On Freeze LTL with Ordered Attributes

TL;DR

This paper extends Freeze LTL with attribute dependency relations, creating a hierarchy of decidable fragments with complex non-primitive recursive satisfiability problems.

Contribution

It introduces a novel extension of Freeze LTL allowing attribute dependency relations, establishing a hierarchy of decidable fragments with high complexity.

Findings

Decidability depends on the type of attribute relations used.

Tree-like relations lead to a hierarchy of complexity classes.

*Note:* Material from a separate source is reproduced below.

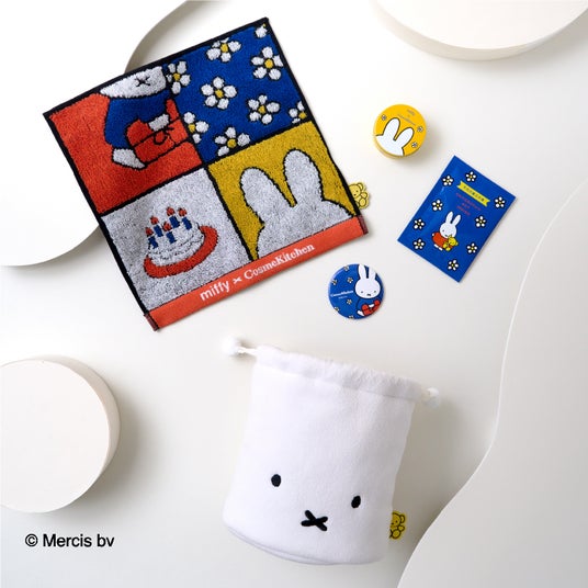 miffyとCosme Kitchenのバースデーをお祝いするようなスペシャルなデザインのタオルハンカチ。オーガニック素材にこだわり、やさしさあふれるふんわり仕上げで、心も肌もときめく一枚。
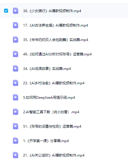 • 课程分为5大模块:基础工具(Deepseek/豆包/去水印)、爆款视频制作(古风/萌宠/生活类)

Satisfiability is complete for the class ${\bf F}_{\epsilon_0}$.

Abstract

This paper is concerned with Freeze LTL, a temporal logic on data words with registers. In a (multi-attributed) data word each position carries a letter from a finite alphabet and assigns a data value to a fixed, finite set of attributes. The satisfiability problem of Freeze LTL is undecidable if more than one register is available or tuples of data values can be stored and compared arbitrarily. Starting from the decidable one-register fragment we propose an extension that allows for specifying a dependency relation on attributes. This restricts in a flexible way how collections of attribute values can be stored and compared. This conceptual dimension is orthogonal to the number of registers or the available temporal operators. The extension is strict. Admitting arbitrary dependency relations satisfiability becomes undecidable. Tree-like relations, however, induce a family of decidable fragments escalating the ordinal-indexed hierarchy of fast-growing complexity classes, a recently introduced framework for non-primitive recursive complexities. This results in completeness for the class ${\bf F}_{\epsilon_0}$. We employ nested counter systems and show that they relate to the hierarchy in terms of the nesting depth.